When you invest in commercial real estate in Massachusetts, you may do so in an effort to make as much money as possible while risking as little as possible. Some types of commercial real estate investment opportunities involve less risk than others, and one low-risk industry you may want to consider investing in is the self-storage industry.
According to REJournals, many economists have long lauded the self-storage industry as a recession-resistant one. This means that the industry typically remains strong and profitable even when the economy weakens or even plunges.
How big the self-storage industry is
Economists predict that the self-storage industry is going to see an overall growth rate of 5.45% between 2021 and 2026. More than 10% of American homeowners currently rent self-storage space, and the number of business owners seeking storage space is also rising alongside the number of Americans now working from home.

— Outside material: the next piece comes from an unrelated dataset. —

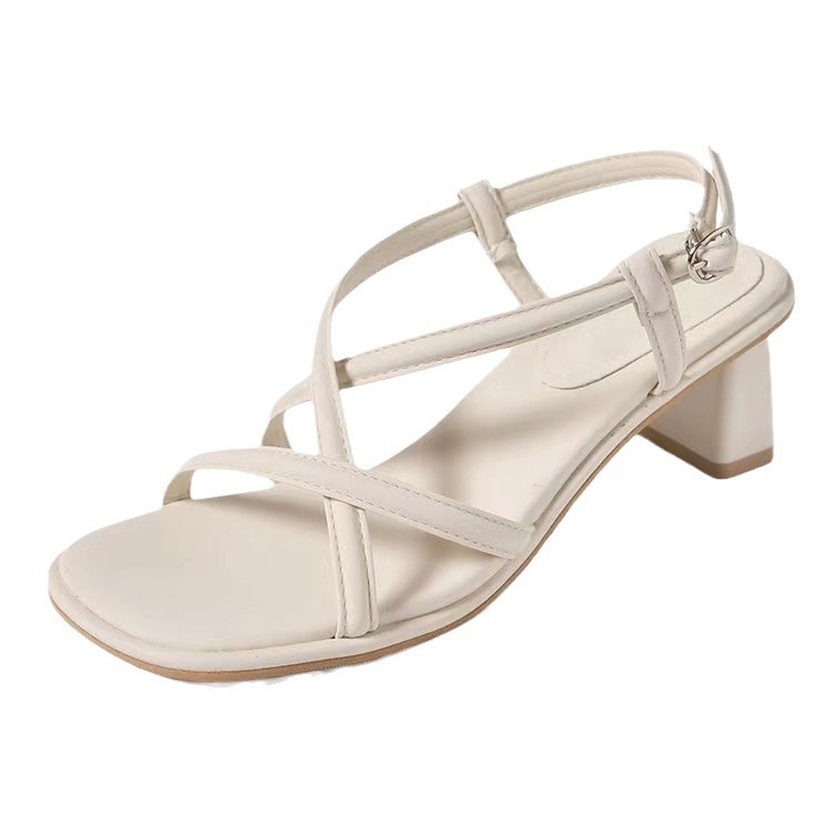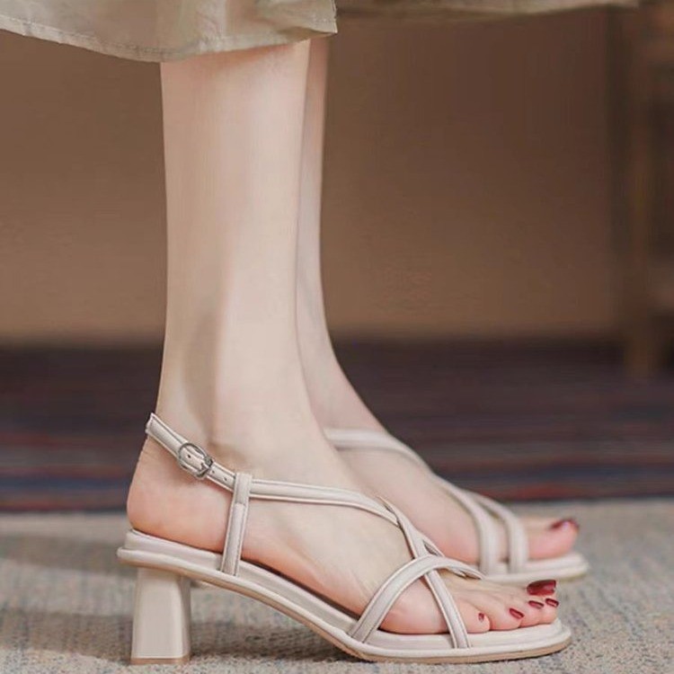 Sandals for women wearing summer soft sole mid-heel simple temperament with skirt thick heel French high heels

Why self-storage is a low-risk investment
Research shows that self-storage has strong investment potential. Between 2009 and 2018, private equity firms that invested in self-storage saw an average annual return of 16.9%. This is higher than the average return seen among investors who put their money into office, industrial or retail buildings. Another reason the self-storage industry has strong investment potential is that demand for storage space remains high in both strong and weak economies. In strong economies, people buy more goods, leading to a need for more room to store those goods. In weak economies, people often have to downsize, which also drives up the need for storage units.
No commercial real estate investment is completely risk-free. However, if you are looking for one that has historically performed well for investors, the self-storage sector may prove well worth considering.